A Set in the plane is never isometric to a proper subset

[Mr Davis 97]

Homework Statement

Is there a bounded set $H$ in the plane which is isometric to a proper subset $S \subset H$?

Homework Equations

The Attempt at a Solution

I'm thinking that the answer is no. Here are my ideas, that by no means constitute a proof. Every isometry of the plane is either a reflection, a rotation, a translation, or a glide reflection. Now, let $\phi$ be an isometry. Then $\phi(H) = S$. Now, anyone of these isometry types will result in an S such that there is at least one element of $S$ that is not in $H$, meaning that $S$ can never be a proper subset of $H$.

This is my thinking, but it is very sketchy. Am I on the right track? How could I get a rigorous proof out of this?

 

[fresh_42]

What happens to the unit disc, if you map a point with distance $r$ to the origin to the point with distance $r/2$?

 

[Mr Davis 97]

What happens to the unit disc, if you map a point with distance $r$ to the origin to the point with distance $r/2$?

Could you clarify what you mean by the "if you map a point with distance $r$ to the origin to the point with distance $r/2$?"

 

[fresh_42]

As said: Let $(r,\varphi)$ be the coordinates of a point on the disc, then map it to $(r/2,\varphi)$.

 

[Mr Davis 97]

As said: Let $(r,\varphi)$ be the coordinates of a point on the disc, then map it to $(r/2,\varphi)$.

How is that an isometry? For example, let $f$ be the proposed map that halves the x-coordinate. Then $d ((3/4,0),(1/4,0)) = 1/2$. However, $d (f(3/4,0),f(1/4,0)) = d((3/8,0),(1/8,0)) = 1/4$

 

[fresh_42]

Sorry, I read isomorphic and didn't quite know what you meant by it, my bad.

 

[Mr Davis 97]

Sorry, I read isomorphic and didn't quite know what you meant by it, my bad.

Do you have any input on the problem given that it's isometric and not isomorphic?

 

[fresh_42]

Not really. I was thinking about extremes as a discrete metric, or not connected sets. With an arbitrary metric and an arbitrary set - bounded only says we can draw it on our finite pieces of paper - I have not really an idea whether there cannot be some pathological constructions. Also isometry doesn't even require the same metric, so maybe we can find a counterexample with two non equivalent metrics.
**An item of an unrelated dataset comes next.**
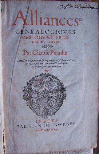 Alliances genealogiques des Rois et Princes de Gaule. Seconde edition, reveue et augmentée en plusieurs endroits : et en laquelle ont esté adjoustés les blasons ou escartelages des armoiries

Ok, I think we can assume the same metric, as subset means the same space, not only an embedding which I thought of. If you have this decomposition of isometries, then your idea looks good, as those constitutes do not change shape, but is this true for any metric?

 

[WWGD]

Ok, I think we can assume the same metric, as subset means the same space, not only an embedding which I thought of. If you have this decomposition of isometries, then your idea looks good, as those constitutes do not change shape, but is this true for any metric?

Since we are talking about the plane, don't we assume it is the Euclidean 2-metric by default?

 

[mathwonk]

your proof assumes the isometry from the set S to the set H extends to an isometry of the whole plane, which seems unwarranted to me. your conjecture however seems plausible to me, but I am not sure.

 

[WWGD]

A thing is that isometries do not have to be homeomorphisms.

 

[mfb]

Now, anyone of these isometry types will result in an S such that there is at least one element of $S$ that is not in $H$, meaning that $S$ can never be a proper subset of $H$.

To me that just sounds like a different way to say what you are supposed to prove.